Fujino Shiori, Yamashita Keishi, Okamoto Riku, Shibaki Shumpei, Naito Kanako, Minoura Hiroyuki, Ikemura Kyonosuke, Kuroda Yu, Okuno Kota, Watanabe Akiko, Oki Keiko, Kidachi Mikiko, Nie Yusuke, Tokito Takaaki, Kikuchi Mariko, Kato Hiroshi, Naitoh Takeshi, Hiki Naoki, Kumamoto Yusuke, Sangai Takafumi
Division of Advanced Surgical Oncology, Research and Development Center for New Medical Frontiers, Kitasato University School of Medicine, Sagamihara, Kanagawa, Japan.
Department of Breast and Thyroid Surgery, Kitasato University School of Medicine, Sagamihara, Japan.
Ann Surg Oncol. 2025 Aug 5. doi: 10.1245/s10434-025-17944-z.
Breast cancer (BC) is a heterogeneous disease with variable prognosis, highlighting the need for novel biomarkers and therapeutic targets. This study investigates the role of the CDO1 gene, which encodes cysteine dioxygenase 1, in BC progression and its potential impact on patient outcomes.
We performed stable transfection of CDO1 in the MDA-MB231 triple negative BC (TNBC) cell line, followed by analysis of gene expression profiles using microarray technology.

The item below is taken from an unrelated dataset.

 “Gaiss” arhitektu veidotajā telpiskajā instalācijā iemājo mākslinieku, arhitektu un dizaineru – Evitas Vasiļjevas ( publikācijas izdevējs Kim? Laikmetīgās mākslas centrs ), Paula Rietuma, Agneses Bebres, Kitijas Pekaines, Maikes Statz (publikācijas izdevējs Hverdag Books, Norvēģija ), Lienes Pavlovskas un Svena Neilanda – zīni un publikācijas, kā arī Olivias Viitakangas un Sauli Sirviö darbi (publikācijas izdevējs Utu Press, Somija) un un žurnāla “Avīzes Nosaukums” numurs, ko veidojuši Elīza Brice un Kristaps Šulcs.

CDO1 is significantly upregulated in transfected cells, leading to the induction of several tumor suppressor genes, including DEFB1, HOPX, and FRMD3. Correlation analysis in clinical BC samples revealed significant associations between CDO1 and other key genes, including SLC1A7 and KITLG, underscoring its relevance in tumor biology. Functional assays demonstrated that CDO1 expression is associated with increased apoptosis and reduced cell viability, suggesting a protective role against tumor progression. Additionally, we observed alterations in oncogenic pathways related to extracellular matrix and protease (SGRN and ADAMTS1), indicating that CDO1 may alleviate metastatic potential putatively via stromal reprogramming.

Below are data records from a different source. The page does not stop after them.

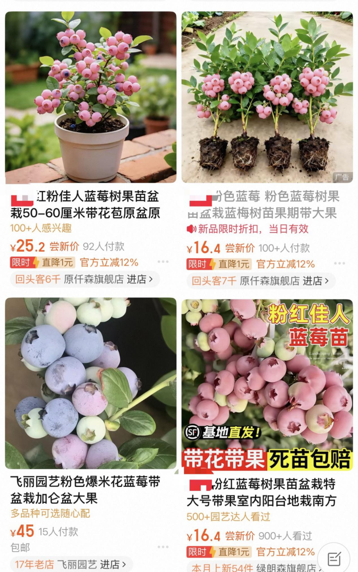 尽管粉色蓝莓买不到,但掀开购物平台,各类粉色蓝莓树苗在网上热销。一些酬酢平台上,栽种粉色蓝莓成为新高潮。那么,购买的树苗的确是粉色蓝莓树苗吗?凡俗浮滥者能种出粉色蓝莓吗?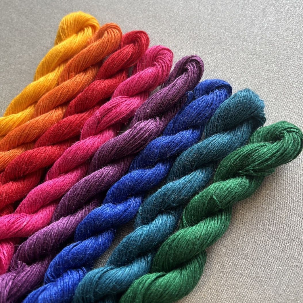 Pack of 8 Linen Mini Hanks - perfect for multi-colour projects such as knitted stripes or crochet motifs, for embroidery or as accents in weaving.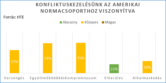 Az amerikai konfliktuskezelési stratégiákat összefoglaló tanulmány után Magyarországon is felmérték az ilyen irányú attitűdöket. Kiderült, versengésünk a tengerentúliakhoz képest közepes szinten áll, a lehetséges összeütközéseket sokkal kevésbé kerüljük el, és bár együttműködésben és kompromisszumkészségben az amerikaiakhoz hasonlatos szinten állunk, nem szívesen alkalmazkodunk.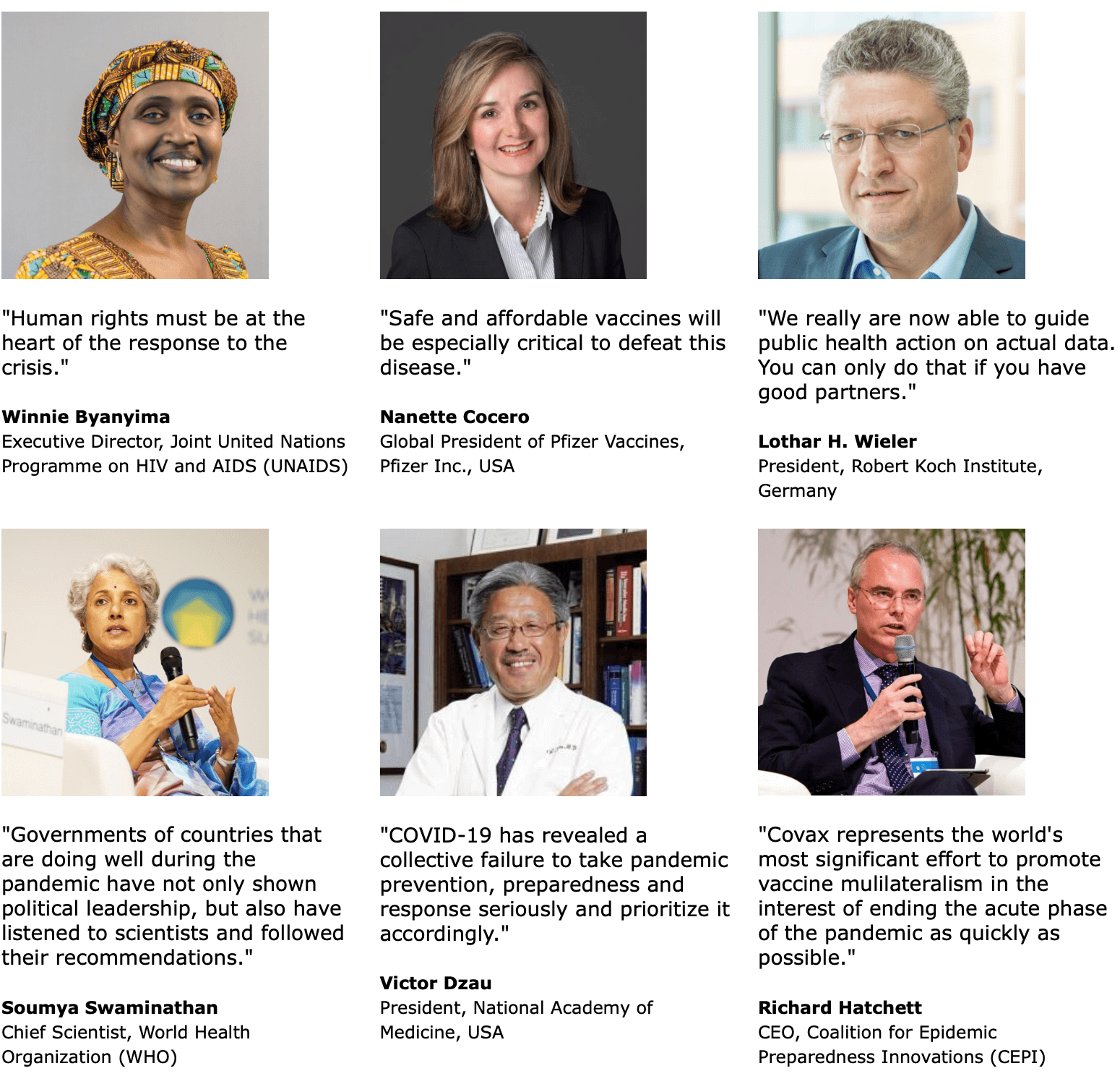 Eigentlich ist es nur eine, die von Victor Dzau, der auf das komplette Fehlen von Prävention, Vorsorgeplänen und einer ernsthaften Antwort in der Anfangsphase der Pandemie verweist. In dieser Anfangsphase sind wir offensichtlich immer noch, weil ein schlüssiges Konzept global weiterhin fehlt.

Our findings establish CDO1 as a significant modulator of BC behavior and highlight its potential as a biomarker for prognosis. Further research is warranted to elucidate the underlying mechanisms and explore the therapeutic implications of targeting CDO1 in TNBC.
乳腺癌(BC)是一种异质性疾病,预后各异,这凸显了对新型生物标志物和治疗靶点的需求。本研究调查了编码半胱氨酸双加氧酶1的CDO1基因在BC进展中的作用及其对患者预后的潜在影响。

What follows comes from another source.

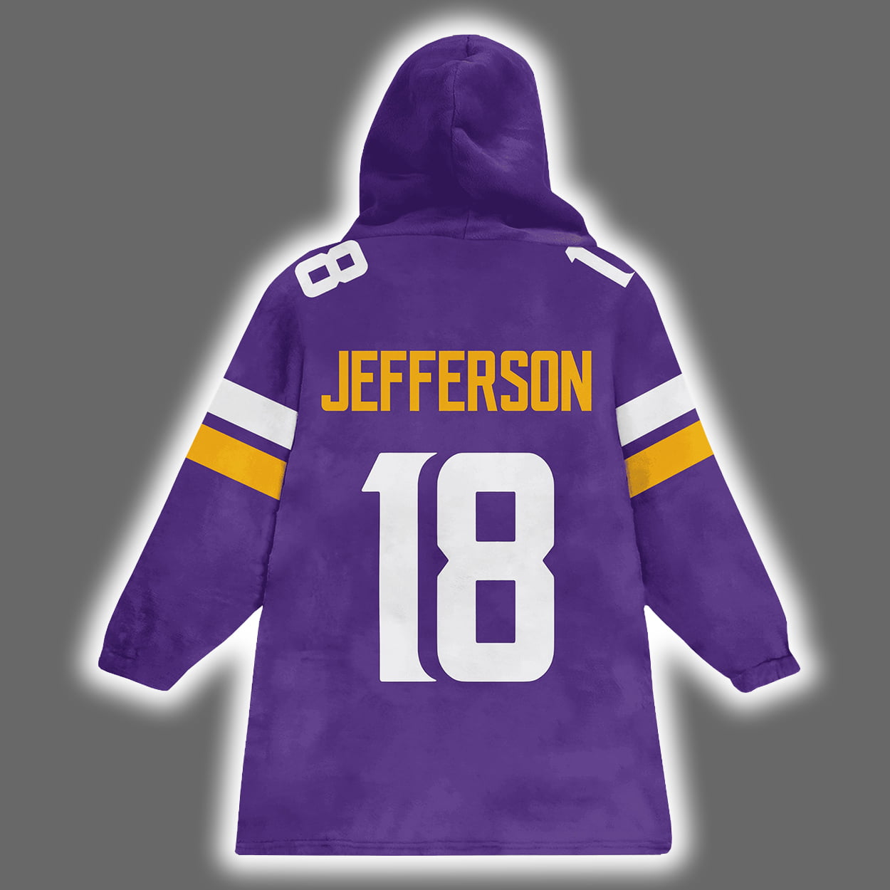 Justin Jefferson 18 Minnesota Football Signature Unisex Blanket Hoodie: Catch Game Day Vibes in Viking Style

我们在MDA-MB231三阴性乳腺癌(TNBC)细胞系中进行了CDO1的稳定转染,随后使用微阵列技术分析基因表达谱。
CDO1在转染细胞中显著上调,导致包括DEFB1、HOPX和FRMD3在内的多个肿瘤抑制基因的诱导。临床BC样本中的相关性分析揭示了CDO1与其他关键基因(包括SLC1A7和KITLG)之间的显著关联,强调了其在肿瘤生物学中的相关性。功能测定表明,CDO1表达与细胞凋亡增加和细胞活力降低相关,表明其对肿瘤进展具有保护作用。此外,我们观察到与细胞外基质和蛋白酶(SGRN和ADAMTS1)相关的致癌途径发生改变,表明CDO1可能通过基质重编程减轻转移潜能。
我们的研究结果确立了CDO1作为BC行为的重要调节因子,并突出了其作为预后生物标志物的潜力。有必要进一步研究以阐明潜在机制,并探索在TNBC中靶向CDO1的治疗意义。